鹿児島県知覧にある特攻平和会館を訪れた。
最初に心を動かされたのは、壁一面に並んだ若者たちの顔だった。
まだ二十歳前後の笑顔、真剣な眼差し。
写真はただの記録であるはずなのに、なぜかこちらを見つめ返し、言葉にならない問いを投げかけてくるように感じた。
知覧特攻平和会館

展示室の映像では、当時を知る人々が語っていた。
特攻に志願した若者たちは、実際には徴兵制度の下で強い圧力を受け、選ばれないことを「不名誉」と感じていたという。
「自分だけ行けないのは情けない。意地でも行きたい。

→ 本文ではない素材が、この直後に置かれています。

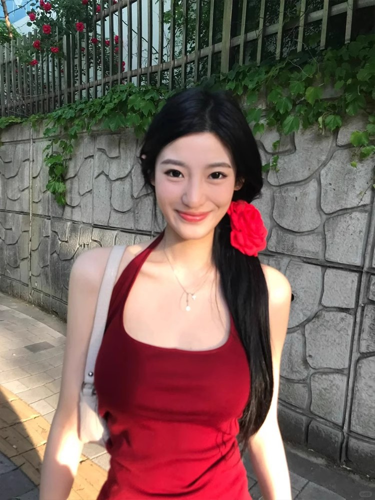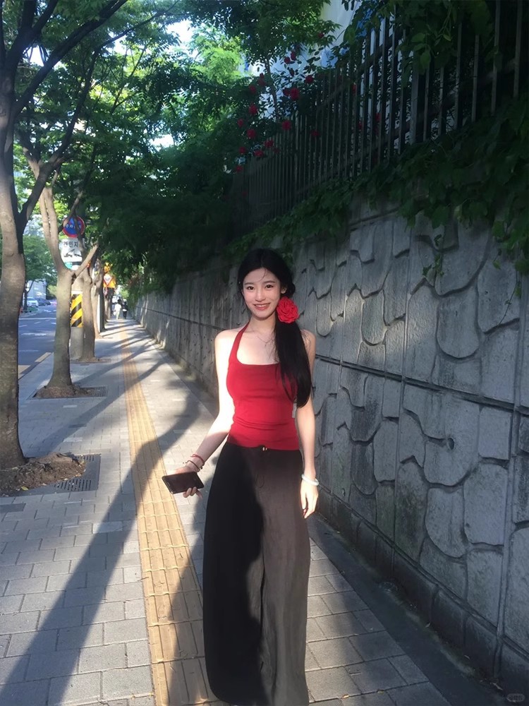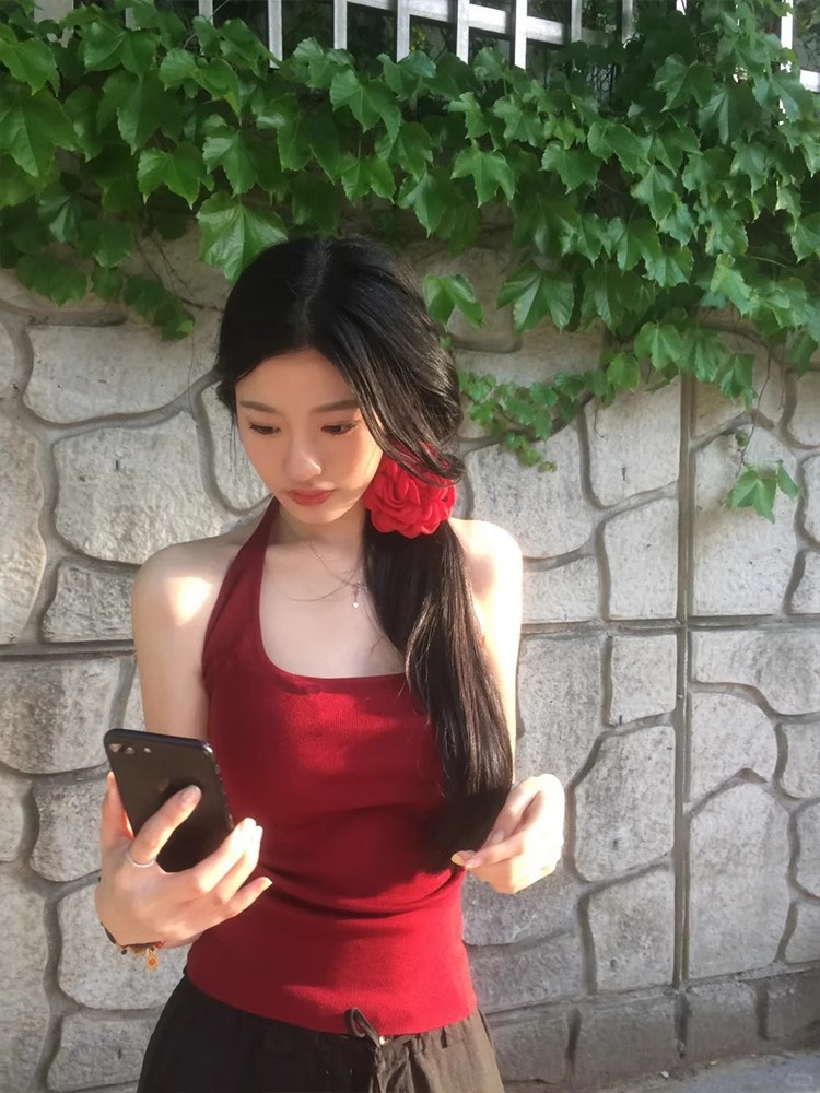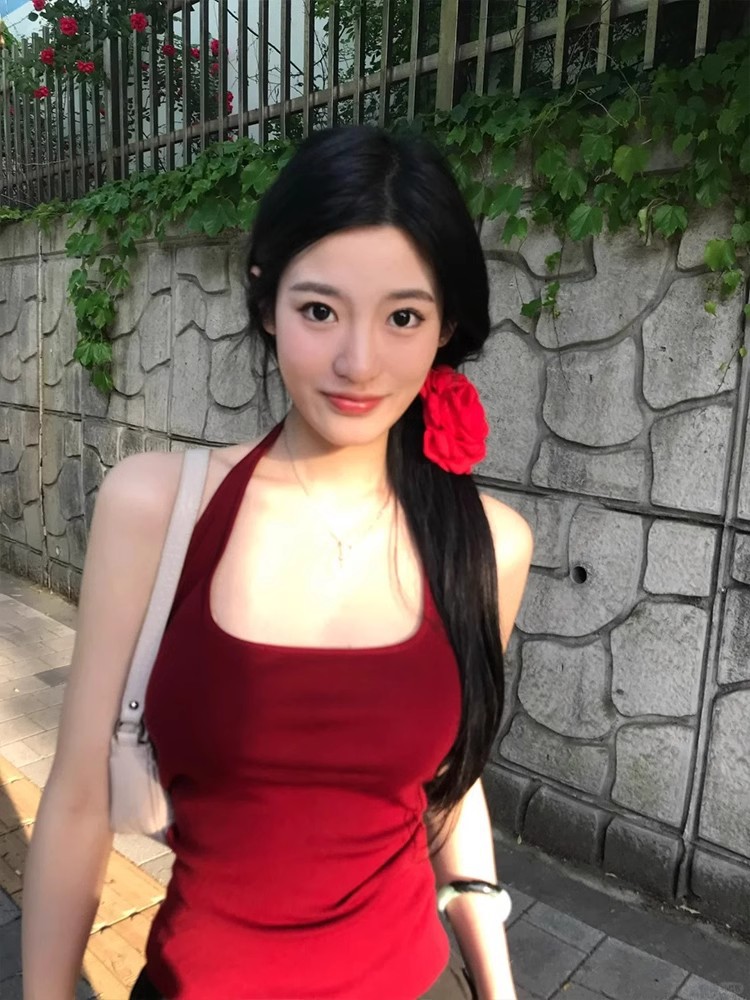 뜨거운 소녀 순수한 욕망 스타일 Halter Camisole 여성의 2025 여름 새로운 슬림 핏 슬리밍 U-칼라 솔리드 컬러 탑스토어 가기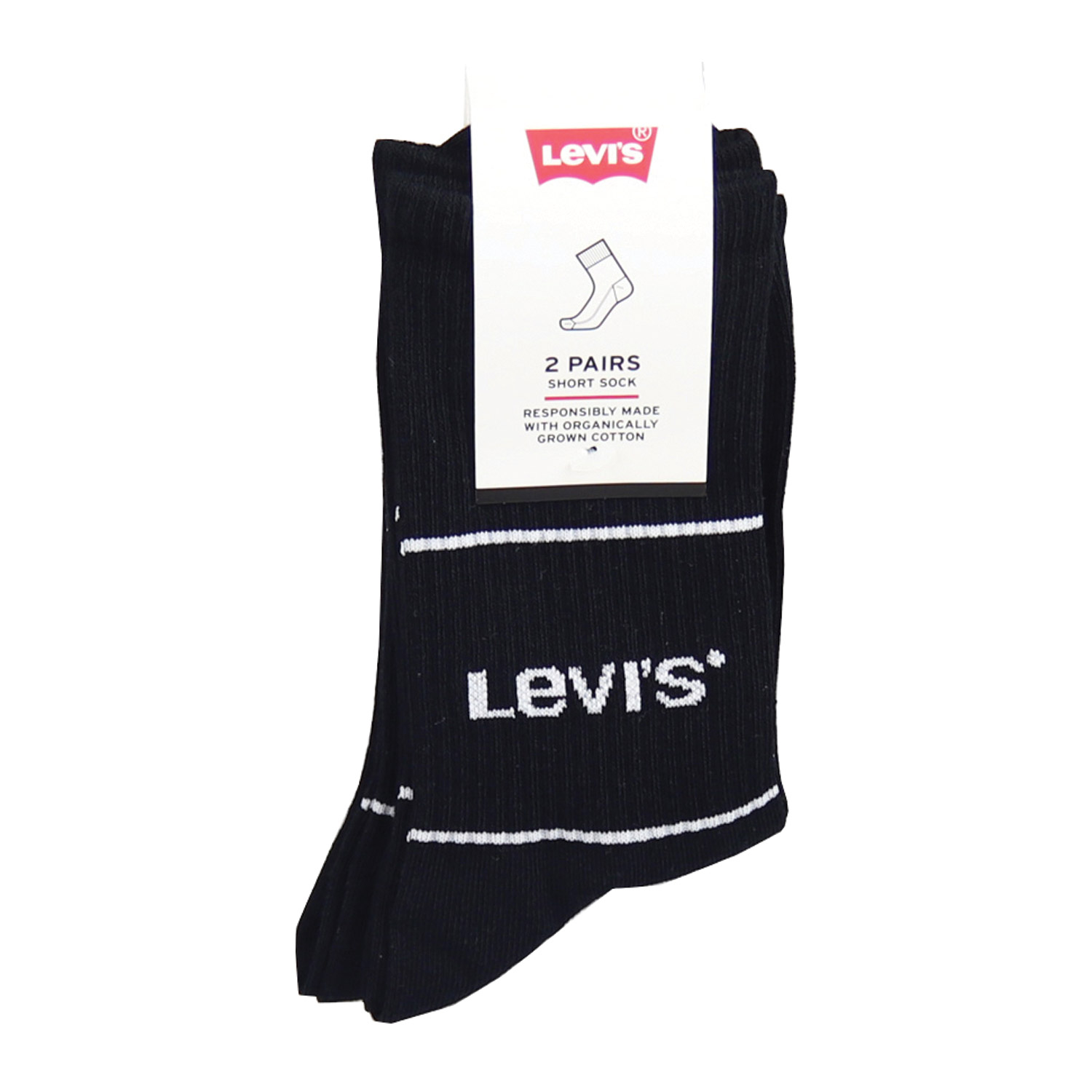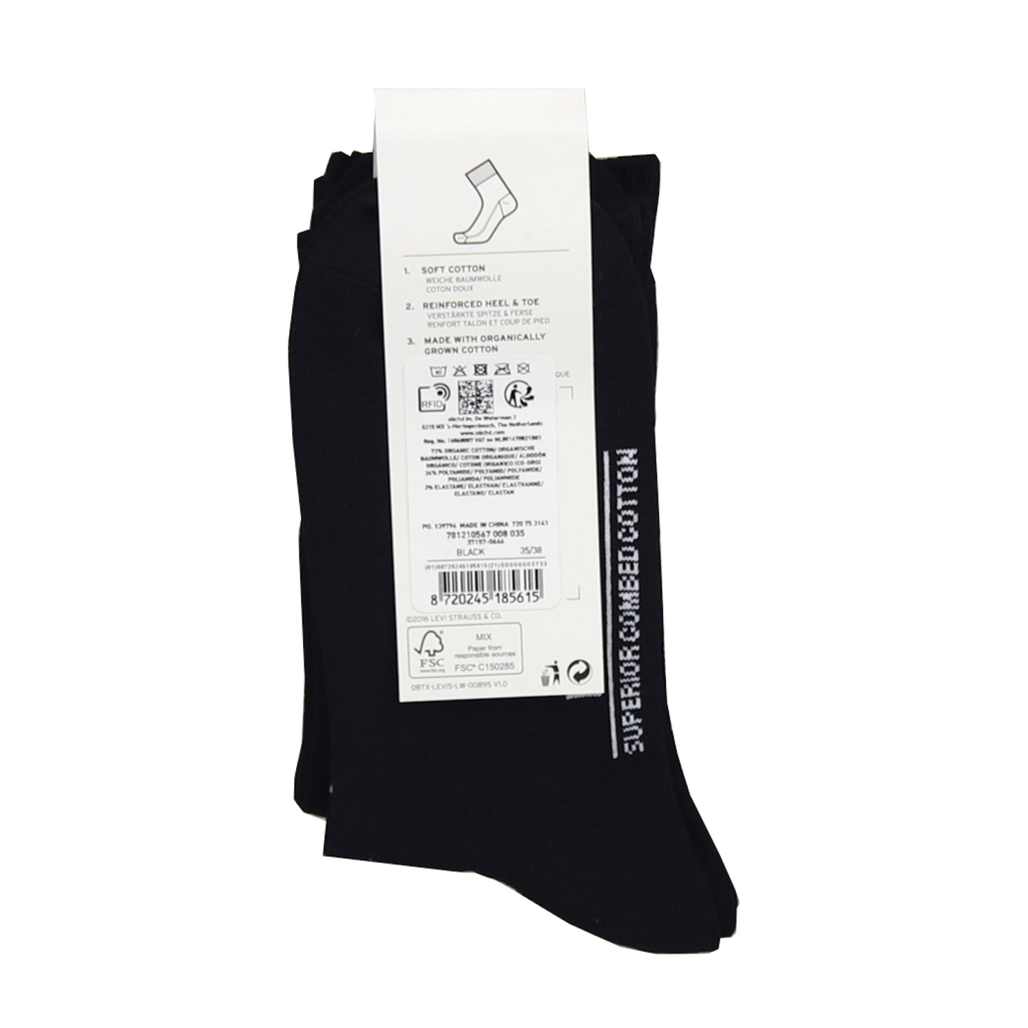 Levi's κάλτσες 2pack, σε μαύρο χρώμα, κατασκευασμένες από 73% βιολογικά καλλιεργημένο βαμβάκι, 24% πολυαμίδιο, 3% ελαστάνη.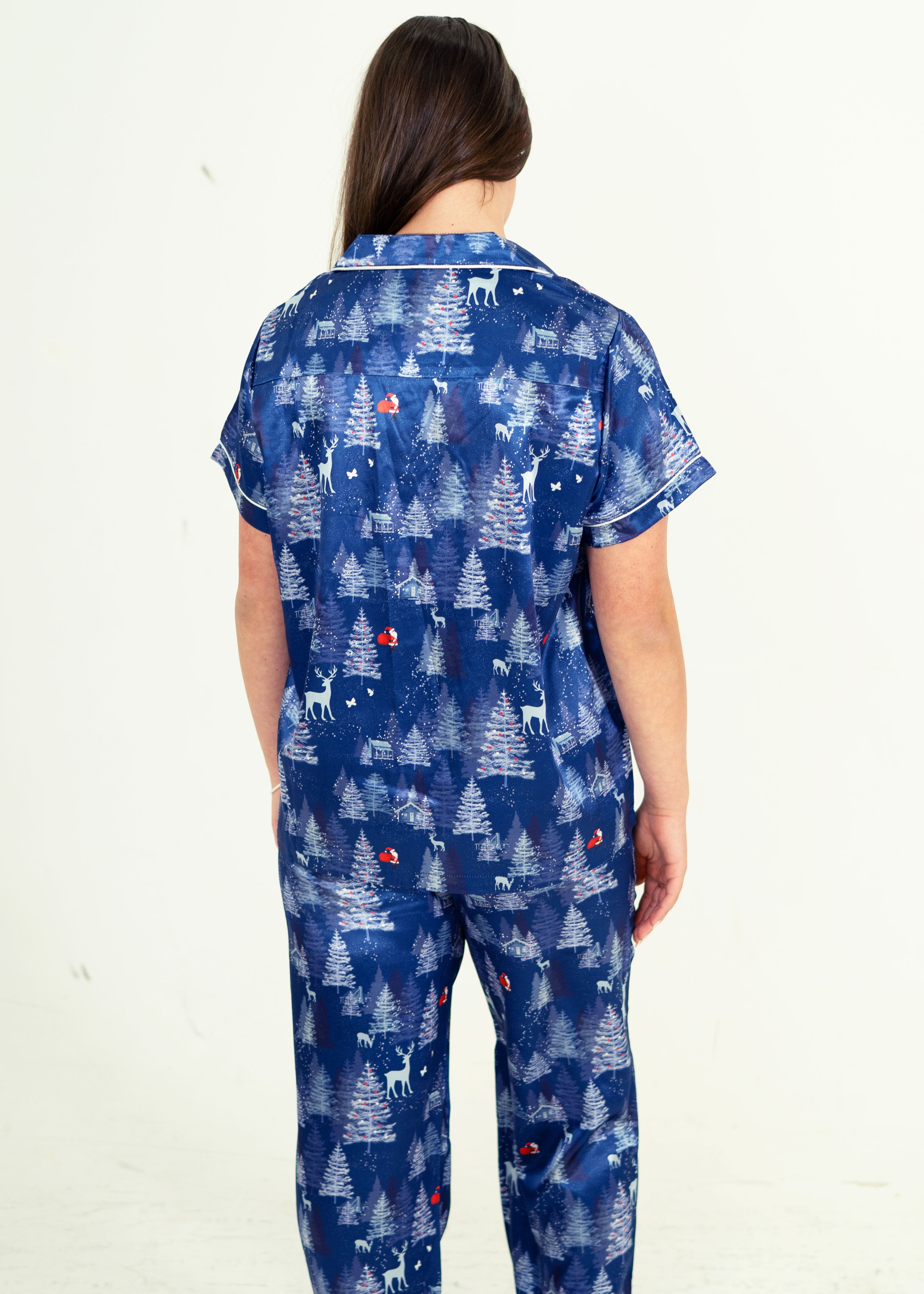 Snowy Night Satin Short Top/ Long Pants Pyjama Set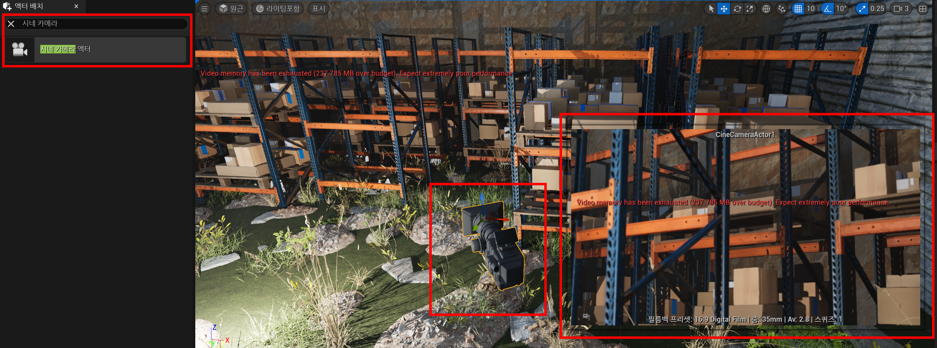 위의 사진이 카메라 액터를 막 배치한 상태의 사진이다.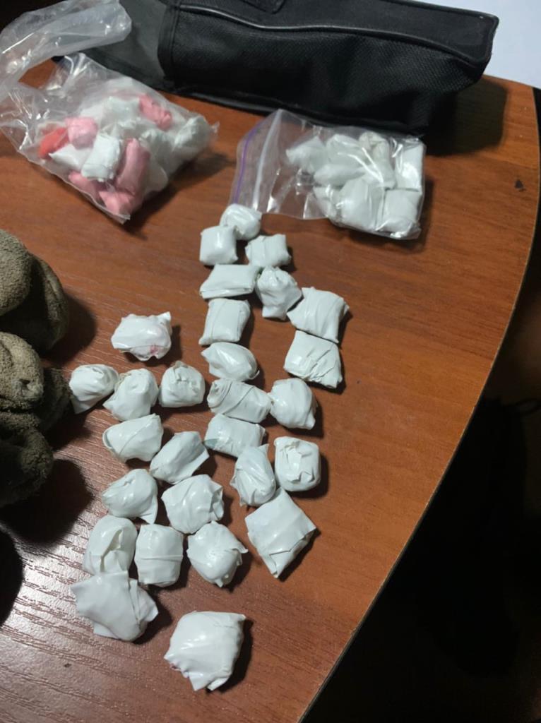 У затриманого вилучено близько 100 пакетів із психотропами, ще понад 80 закладок знайшли розкладеними на місцевості.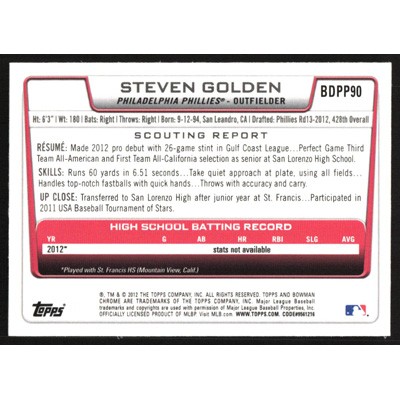 This is a 2012 Bowman Chrome Draft Draft Picks Steven Golden baseball card. The card is #BDPP90 and pictures show condition. Team(s): Philadelphia Phillies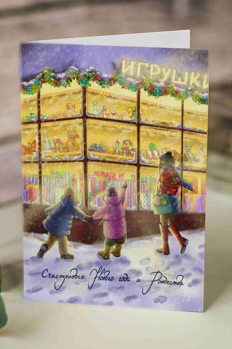 Открытка выполнена на высококачественной дизайнерской бумаге. В эти открытки мы вкладываем больше внимания и работы. Чтобы нарисовать такую открытку художнику нужен целый день. Каждая дизайнерская открытка — это предмет творчества наших художников. Можно сказать, что это картина в миниатюре.
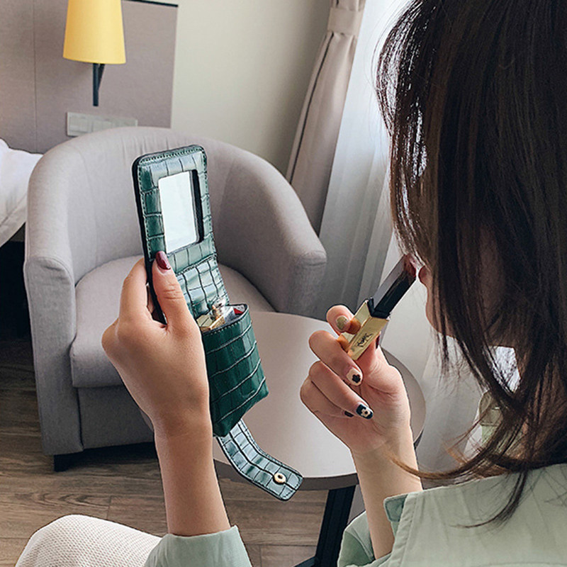 Портативная маленькая система хранения, косметичка, помада, зеркало, крокодиловый принт

」そんな声が残されていた。
死を望んだわけではなく、そうした社会の空気の中で、自ら進んで死を受け入れるしかなかった。
特攻の母

三角兵舎

残された手紙には「国のため」「家族のため」と言葉に残していた。
けれどそれは、純粋な自己選択というより、そう語らざるを得ない状況に置かれていたのかもしれない。
本当の奥底には、仲間から取り残されまいとする焦りや、残された家族に顔向けしたいという切実な思いがあったのではないか。
その言葉を聞きながら、父の話を思い出した。
父も戦争を経験した世代で、地雷処理にあたるとき「自分が踏んで犠牲になる」と志願する者が多かったという。
機械的な地雷除去装置は、現代に比べるとはるかに限られていた。
そのため、多くの地雷除去は、人が身を挺して踏むしかなかった。
仲間たちはそれを「国のために死ねることは名誉だ」と口にし、次々に手を挙げていったそうだ。
強がりのようでいて、確かに真剣な覚悟である。
今の時代を生きる若者に、果たして同じことができるのだろうかと考えてしまう。
そして同時に、もうそんな決断を迫られずに済む世の中があることを、あの時代の人々は喜んでくれているのだろうかと。
展示室を歩くと、彼らの声が直接聞こえるわけではない。
けれど、写真の奥にある未完の人生の続きを、私たちが生きているのだと思うと胸が詰まった。
失われた若さや夢を無駄にしないために、私たちがどんな社会を築くかが試されている。
知覧は過去を思い出す場所であると同時に、未来を託される場所でもあった。